I have a program that uses raqote to render an image in "chunks" on
different threads, and then composite them all into a final image. By
"chunks" I mean disjoint rectangular regions that cover the canvas:
e.g., a 2×2 grid of quadrants.

This works fine with the default SrcOver blend mode, but I figured
that it would be faster to use Src since it's is a no-op
instead of some bit operations that compile down to 15 or so
instructions
and probably prevent autovectorizing of the
copy loop.

I thought that blending with Src would produce the same result because
no two pixels in a chunk overlap. But in fact it seems that when drawing
an image into a DrawTarget with Src, all other pixels in the row
are cleared, set to transparency. Here is an example:

use raqote::{BlendMode, DrawOptions, DrawTarget, Image, PathBuilder, SolidSource, Source};

fn main() -> Result<(), Box<dyn std::error::Error>> {
    let rgb_source = |r, g, b| Source::Solid(SolidSource { r, g, b, a: 255 });
    let blue = rgb_source(34, 127, 190);
    let white = rgb_source(255, 255, 255);

    // Create a white circle on a blue field.
    let mut circle = DrawTarget::new(50, 50);
    circle.fill_rect(0.0, 0.0, 50.0, 50.0, &blue, &DrawOptions::new());
    let mut pb = PathBuilder::new();
    pb.arc(25.0, 25.0, 20.0, 0.0, std::f32::consts::TAU);
    circle.fill(&pb.finish(), &white, &DrawOptions::new());
    let circle_image = Image {
        width: circle.width(),
        height: circle.height(),
        data: circle.get_data(),
    };

    // Now, try to draw a 2x2 grid of those.
    let mut canvas = DrawTarget::new(100, 100);

    // Top row: two blue circles next to each other, default (SrcOver) compositing.
    canvas.draw_image_at(0.0, 0.0, &circle_image, &DrawOptions::new());
    canvas.draw_image_at(50.0, 0.0, &circle_image, &DrawOptions::new());

    // Bottom row: using Src compositing, since the pixels are disjoint and should cover the row
    // exactly. Should be the same, right?
    let mut opts_src = DrawOptions::new();
    opts_src.blend_mode = BlendMode::Src;
    canvas.draw_image_at(0.0, 50.0, &circle_image, &opts_src);
    canvas.draw_image_at(50.0, 50.0, &circle_image, &opts_src);

    canvas.write_png("canvas.png")?;
    Ok(())
}

At raqote v0.8.2, this produces the following image:

An image with four quadrants. The top-left, top-right, and bottom-right quadrants have a white circle on a blue background, but the bottom-left quadrant is transparent.
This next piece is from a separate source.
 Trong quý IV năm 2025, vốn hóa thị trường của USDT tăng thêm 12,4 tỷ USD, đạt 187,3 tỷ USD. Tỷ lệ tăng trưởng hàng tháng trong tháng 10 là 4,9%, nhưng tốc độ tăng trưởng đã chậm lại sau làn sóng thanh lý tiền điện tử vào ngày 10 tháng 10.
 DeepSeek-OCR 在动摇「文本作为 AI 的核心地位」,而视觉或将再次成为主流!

As you can see, drawing the bottom-right quadrant has caused the
bottom-left quadrant to be clobbered with transparency, even though it
shouldn't have been affected at all because it is not within the bounds
of the image that I asked to draw.

In addition to being a correctness issue, this suggests that raqote is
doing a lot more work compositing than it needs to! e.g., we would
expect drawing an M×N grid of fixed-size images onto a canvas to take
O(M·N) time, but it seems like it would actually take O(M·N²) time,
because each image that's drawn needs to rewrite the whole row.
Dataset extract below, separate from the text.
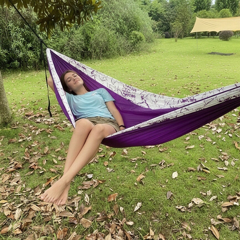 Hammock satu orang siap kirim, bahan parasut nilon lebar, untuk berkemah dan tidur di luar ruangan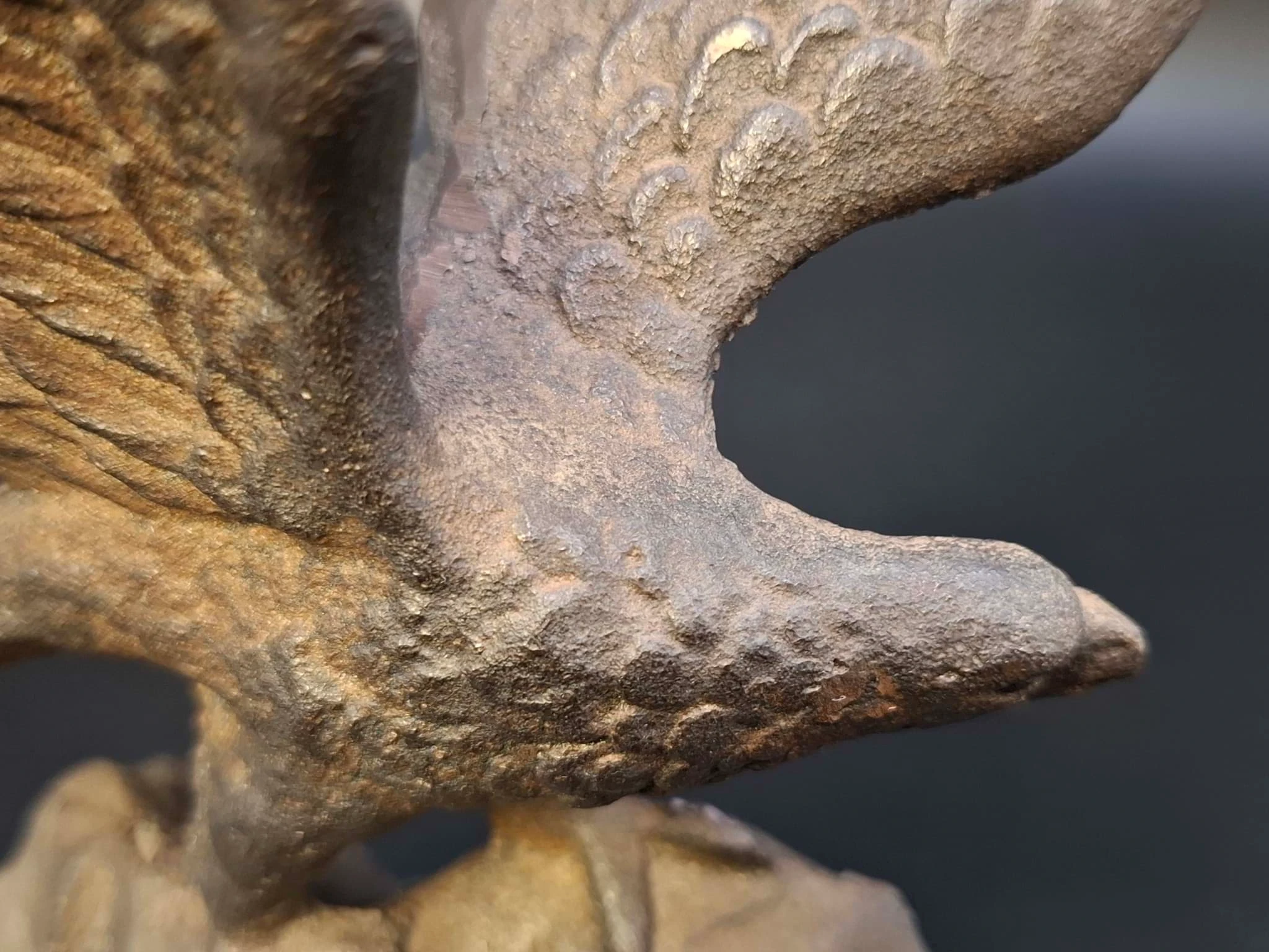 Zusammenfassend lässt sich sagen, dass dieser gusseiserne Adler durch seine lebendige Darstellung des Abflugs, die versetzte Flügelstellung und die robuste Materialität überzeugt. Er ist ein Ausdruck von Stärke und Freiheit, eingefangen in einem beständigen Werkstoff, das durch unsere Expertise als hochwertiges historisches Objekt verifiziert wird.

I tried to track down what's happening, and this is my understanding:

  • The data gets clobbered in ShaderBlendBlitter::blit_span, where
    blend_fn points to blend_row::<Src>;
  • blend_row::<Src>(src, dst) effectively picks how much to blend
    based on the length of src, since dst is set to a whole suffix
    of the image data buffer;
  • the instantiated value of src is &self.tmp[..], which is created
    in DrawTarget::choose_blitter as a vector with length width;
  • and choose_blitter's unique call site, in DrawTarget::composite,
    unconditionally sets width to self.width, which does not at all
    incorporate the rect to which we're drawing.

Correspondingly, this patch seems to fix the problem for me:

diff --git a/src/draw_target.rs b/src/draw_target.rs
index 8206a5d..cc65771 100644
--- a/src/draw_target.rs
+++ b/src/draw_target.rs
@@ -979,7 +979,7 @@ impl<Backing : AsRef<[u32]> + AsMut<[u32]>> DrawTarget<Backing> {
         let shader = choose_shader(&ti, src, alpha, &mut shader_storage);
 
         let mut blitter_storage = ShaderBlitterStorage::None;
-        let blitter = DrawTarget::choose_blitter(mask, &self.clip_stack, &mut blitter_storage, shader, blend, dest, dest_bounds, self.width);
+        let blitter = DrawTarget::choose_blitter(mask, &self.clip_stack, &mut blitter_storage, shader, blend, dest, dest_bounds, self.width.min(rect.width()));
 
         match mask {
             Some(mask) => {

The raqote test suite continues to pass with this patch. I'm not
familiar enough to understand whether this is the right patch and good
in all cases, but I did try it out on the sweep-gradient example and
on images like this that my program generates; each one was
bitwise-identical before and after this patch.

What do you think—is this patch appropriate and sufficient, or is
something trickier needed?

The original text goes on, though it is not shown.